Method & uncertainty
Definitions
- — ‘Affirmative model’ = clinical practice in which a child's self-reported gender identity is affirmed as the starting point for social, hormonal or surgical transition.
- — ‘Desistance’ = share of children with early gender dysphoria who naturally reconcile with their biological sex through puberty when no medical intervention is given.
- — ‘Drag Story Hour’ (formerly Drag Queen Story Hour) = story-reading for children hosted by drag performers, a concept originating in San Francisco 2015.
Uncertainties
- — The overview reflects published national guidance per country as of 2025 — individual clinics and states may differ.
- — Curriculum text is cited from Skolverket's open documents.

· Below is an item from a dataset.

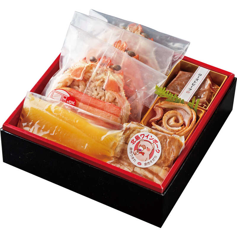 全国から沢山の食材が集まる味覚の宝庫「札幌市中央卸売市場」から、魚しゃぶが名物の〈濱の季〉が厳選した食材を中心とした【北海道おせち】。きんき姿煮も付いています。
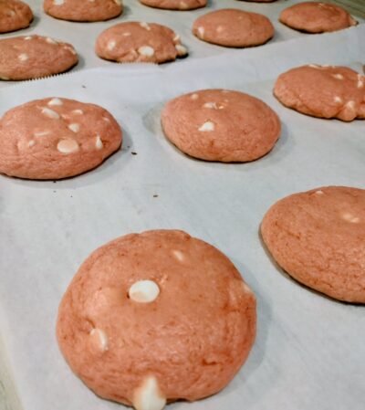 Since I did the red velvet cookies the last time I made these, this time I opted for strawberry cake mix and creme chips.

How individual preschools interpret the wording varies.
- — US states continue to move quickly — the Supreme Court in Skrmetti (June 2025) affirmed states' authority to regulate minor gender medicine.
Sources
- Skolverket — Läroplan för förskolan (Lpfö 18, rev. 2025)
- Skolverket — Läroplan för grundskolan (Lgr 22)
- Socialstyrelsen 2020 — Utvecklingen av diagnosen könsdysfori
- SBU 2022 — Hormonbehandling vid könsdysfori, barn och unga
- Karolinska/Astrid Lindgren — riktlinjeändring maj 2021
- Cass Review (NHS England) — Final Report 2024
- COHERE Finland (PALKO) 2020 — riktlinjer för minderåriga
- Ukom (Norge) 2023 — Pasientsikkerhet for barn og unge med kjønnsinkongruens
- Sundhedsstyrelsen (Danmark) — Vejledning om kønsidentitet 2023
- Académie nationale de médecine (Frankrike) 2022 — La médecine face à la transidentité
- Amsterdam UMC / Dutch Protocol — översikt och kritik
- US Supreme Court — United States v. Skrmetti (2025)
- Littman L. — Rapid-Onset Gender Dysphoria (PLOS ONE, 2018)
- Dhejne et al. 2011 — Long-term follow-up after sex reassignment (PLOS ONE)
- Drag Story Hour — officiell organisation (fd Drag Queen Story Hour)
- Selbstbestimmungsgesetz (Tyskland) — BMFSFJ 2024
2035
If Northern European medical authorities are simultaneously applying the brakes — why is the Swedish preschool curriculum moving in the opposite direction?
If further countries follow the UK's Cass line, Sweden — where Lpfö 18 remains unchanged — would become the Northern European state whose pedagogical steering documents diverge most from its own healthcare guidance.